At the annual TechCrunch Disrupt conference in San Francisco on Tuesday, CEO Marc Benioff announced that the new member of the sales software company’s C-suite would be announced next week and would report directly to him, TechCrunch’s Ron Miller explains:
Benioff, speaking on stage at TechCrunch Disrupt San Francisco with editor-in-chief Matthew Panzarino, talked about his commitment to helping improve the world. While he has built charitable efforts and equality into his own company, and he admits there is a self-serving component to this, he believes that companies need to give back. “We can just focus on our own results, our own tech, but you won’t get the joy that comes from giving, the real pleasure of helping people. You’re not only helping other people, you’re helping yourself,” Benioff says. …
[W]hile profit and building great products is an integral part of [the value system Salesforce espouses, Benioff] hopes companies can use the wealth they gain by making great products to help make the world a better place.
The Chief Equality Officer will build those values into the fabric of the organization, bringing a voice directly to the C suite.
At the Drum, Haley Velasco notes how this new role fits in with Benioff’s assertively progressive vision for his organization:
In 2015, Salesforce worked to equalize salaries for men and women in the company by spending $3m in 2015 to close the technology gender pay gap within the company’s own walls. According to Salesforce’s EVP of global employee success, Cindy Robbins, 1,000 — six percent — of employees received a salary adjustment.
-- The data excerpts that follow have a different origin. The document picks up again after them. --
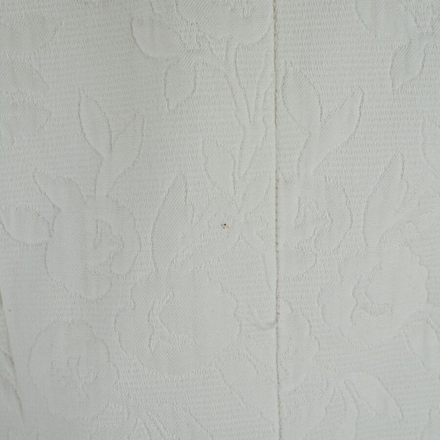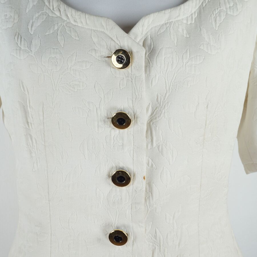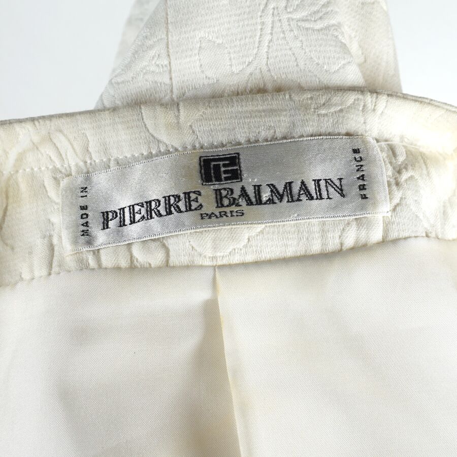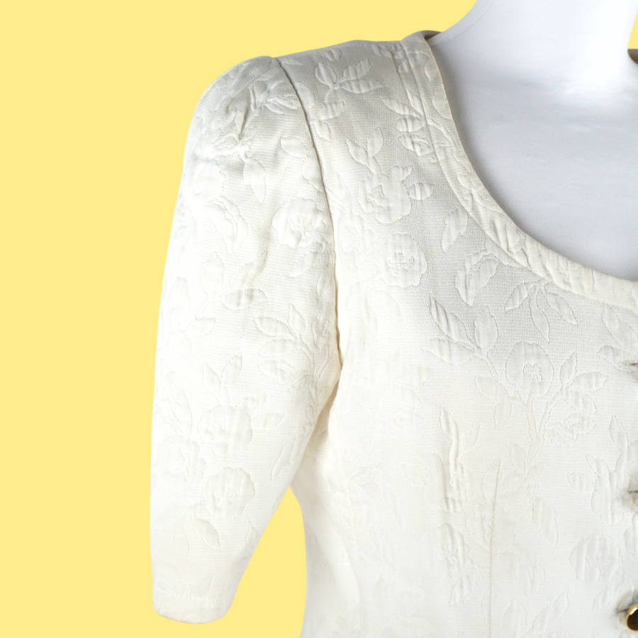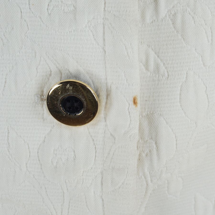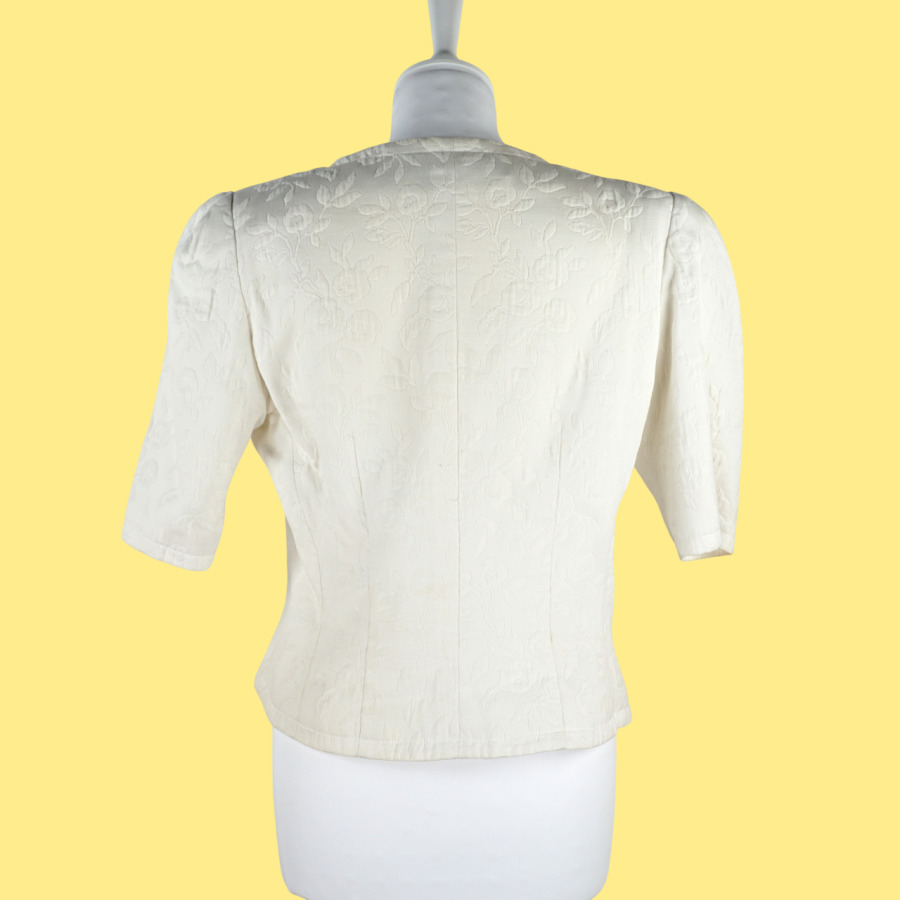 PIERRE BALMAIN - PARIS : Élégante veste en coton et polyamide crème - écru à motif floral ton sur ton, col rond, fermeture à l'avant par quatre boutons dorés et noirs, manches courtes légèrement bouffantes aux épaules, étiquette intérieure, taille indiquée 42, taille supposée M, H. Totale : 50 cm (petites taches).
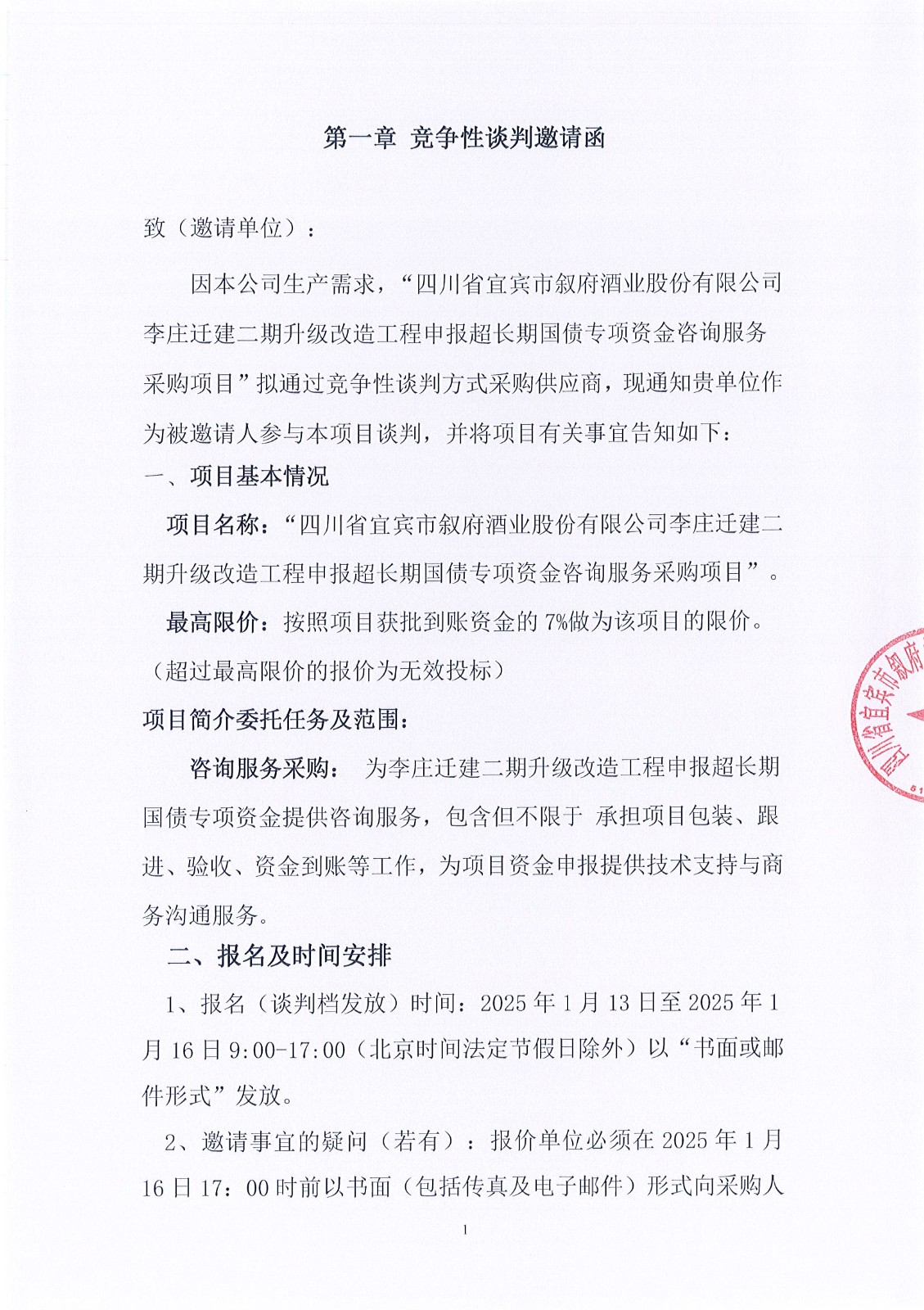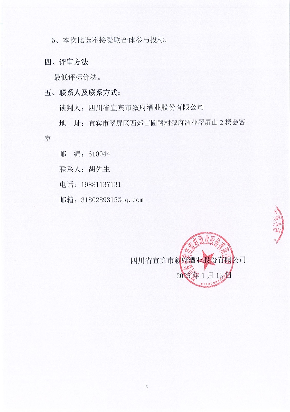 四川省敘府酒業(yè)銷(xiāo)售有限公司2024年四季度(藍標)敘府大曲氣模采購項目比選結果公示公告
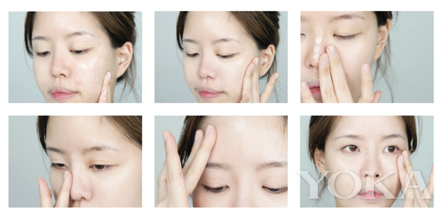 4.如果鼻翼两侧没有过多的瑕疵,只要使用正常的用量即可;如果毛孔比较粗大或者黑头比较多的,可以在抹完一层的基础上再反方向地边轻拍边抹匀;

Additionally, Salesforce has committed millions of dollars to public schools — donating $8.5m to the San Francisco and Oakland public school districts this year — and has opposed and worked to overturn anti-L.G.B.T. laws in states like Indiana, Georgia and North Carolina. Thanks to the company’s “1-1-1” program —where it contributes one percent of its equity, one percent of its profit and one percent of its employees’ time to a non-profit foundation — Salesforce has provided almost 2 million hours of volunteer work and has given out $130m in grants (its target is $140m for 2017).
“Silicon Valley doesn’t have to be stingy, like it traditionally has been,” he said.
But Salesforce still has a ways to go toward closing the race and gender gaps in its own workforce, USA Today’s Jessica Guynn adds:
Salesforce.com suffers from the same lack of diversity as the rest of Silicon Valley tech companies. At Salesforce, seven out of 10 employees and eight out of 10 senior leaders around the globe are men. Like other major tech companies, gender is not the only gap facing Salesforce.com. In the U.S., 2% of Salesforce employees are African American and 4% are Hispanic.
Salesforce.com came under fire last year from people of color for focusing diversity efforts on closing the gender gap. On Tuesday, Benioff made a strong statement on the importance of closing the racial gap in tech. “I believe that we have to have greater racial equality in our industry,” Benioff said. “We have to move our standards up. We have to move the numbers up.”